_PROVIDED DATA_.
===

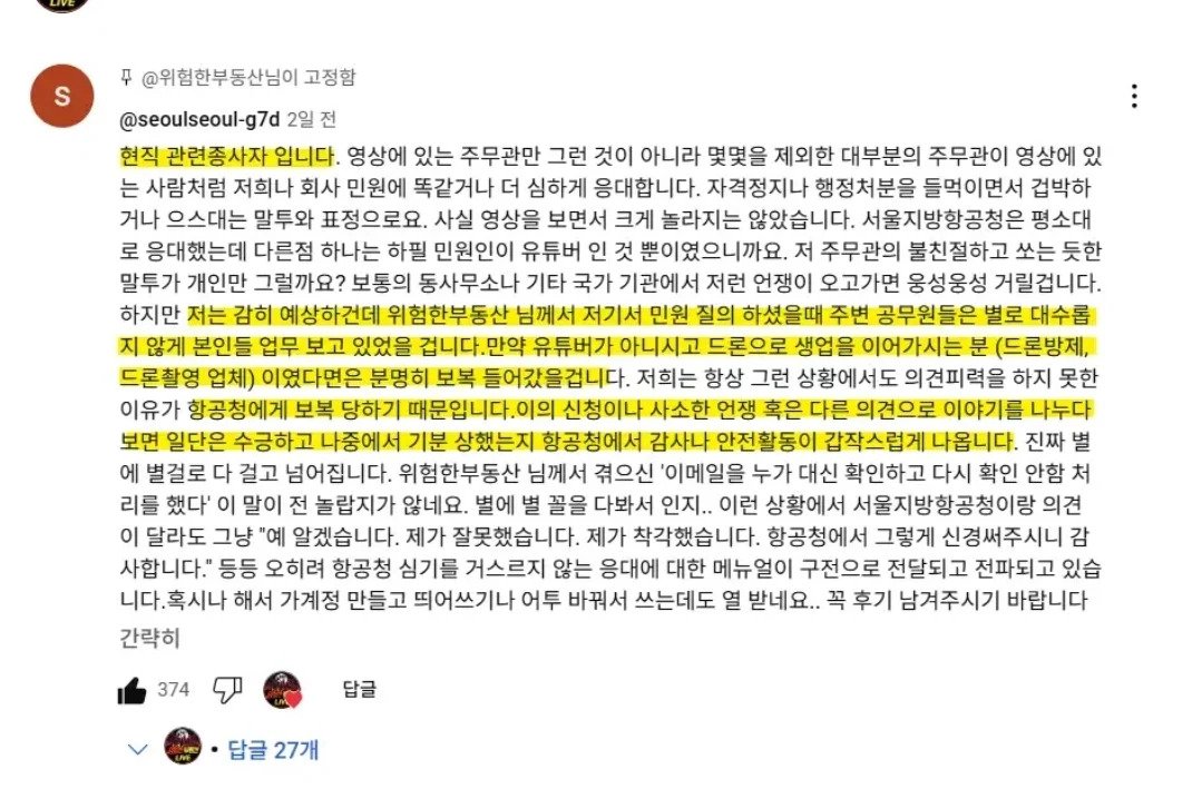 그리고 서울항공청 칭찬합시다 게시판은 활기가 돌고있다고합니다..
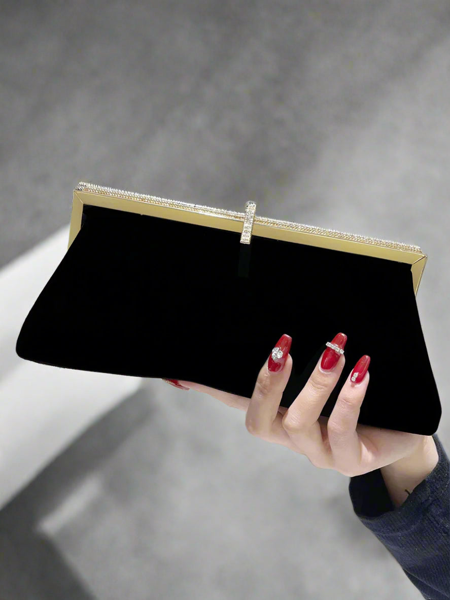 Elevate your evening look with this chic black velvet clutch, featuring luxurious gold accents and a sleek design. Perfect for formal events or special nights out, it adds a touch of sophistication and timeless elegance to any outfit.
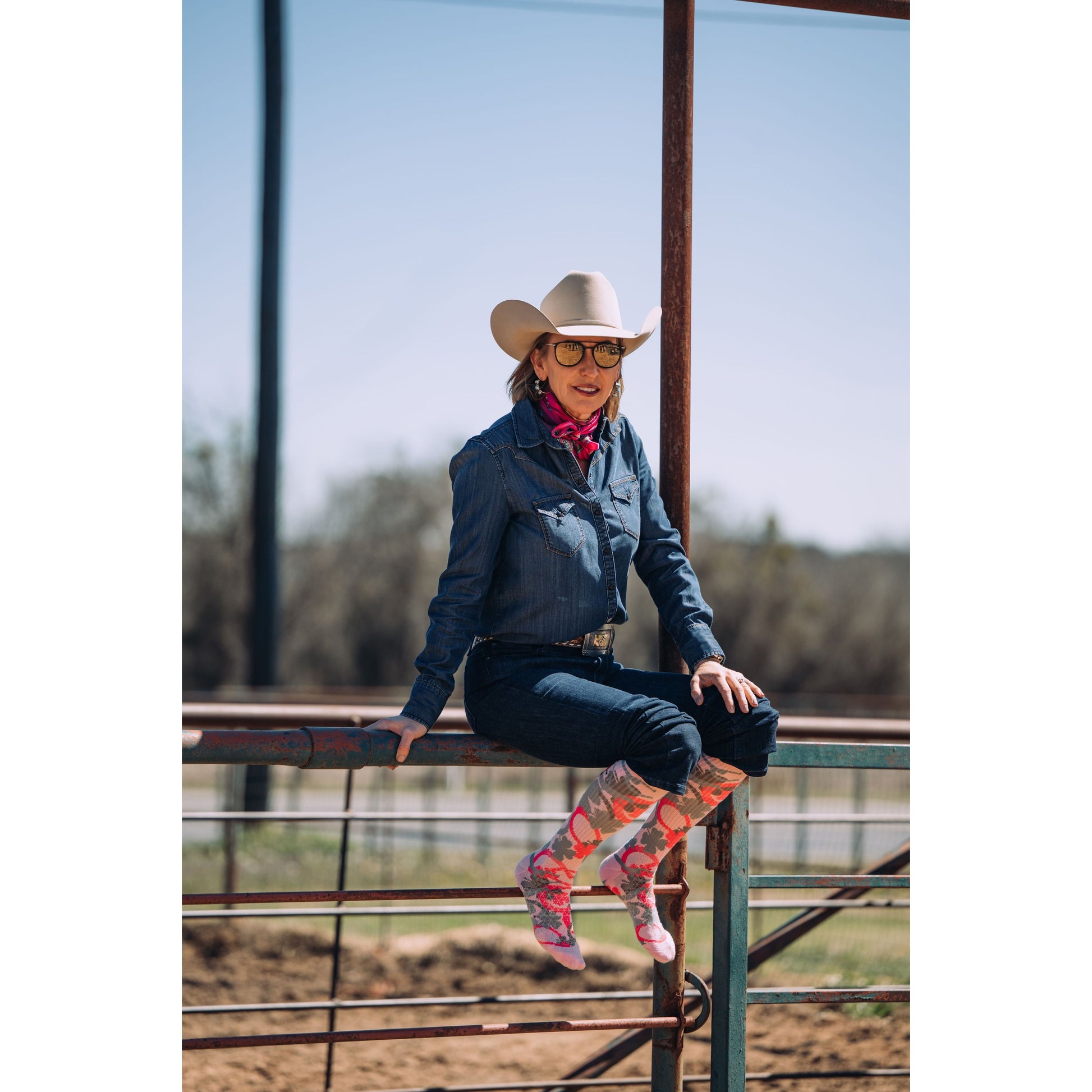 Designed by head cowgirl Lorinda Van Newkirk, it’s no surprise these riding essentials come pack with style and well-thought-out design. They are tall enough and stay up to protect your calves and never cut the circulation off. Lucky Chuck Performance Socks softens with every wash, but without wearing out ~ meaning even more chances to wear your lucky socks every day. Everyone deserves to wear a pair of LUCKY Chuck SOCKS!!

===

_WORK REQUIRED_. Print only the lines from the opening line of the listing to the line containing "Elevate your evening", inclusive, exactly as they appear and without pictures.

_ANSWER TO THIS EXERCISE_.
 그리고 서울항공청 칭찬합시다 게시판은 활기가 돌고있다고합니다..
 Elevate your evening look with this chic black velvet clutch, featuring luxurious gold accents and a sleek design. Perfect for formal events or special nights out, it adds a touch of sophistication and timeless elegance to any outfit.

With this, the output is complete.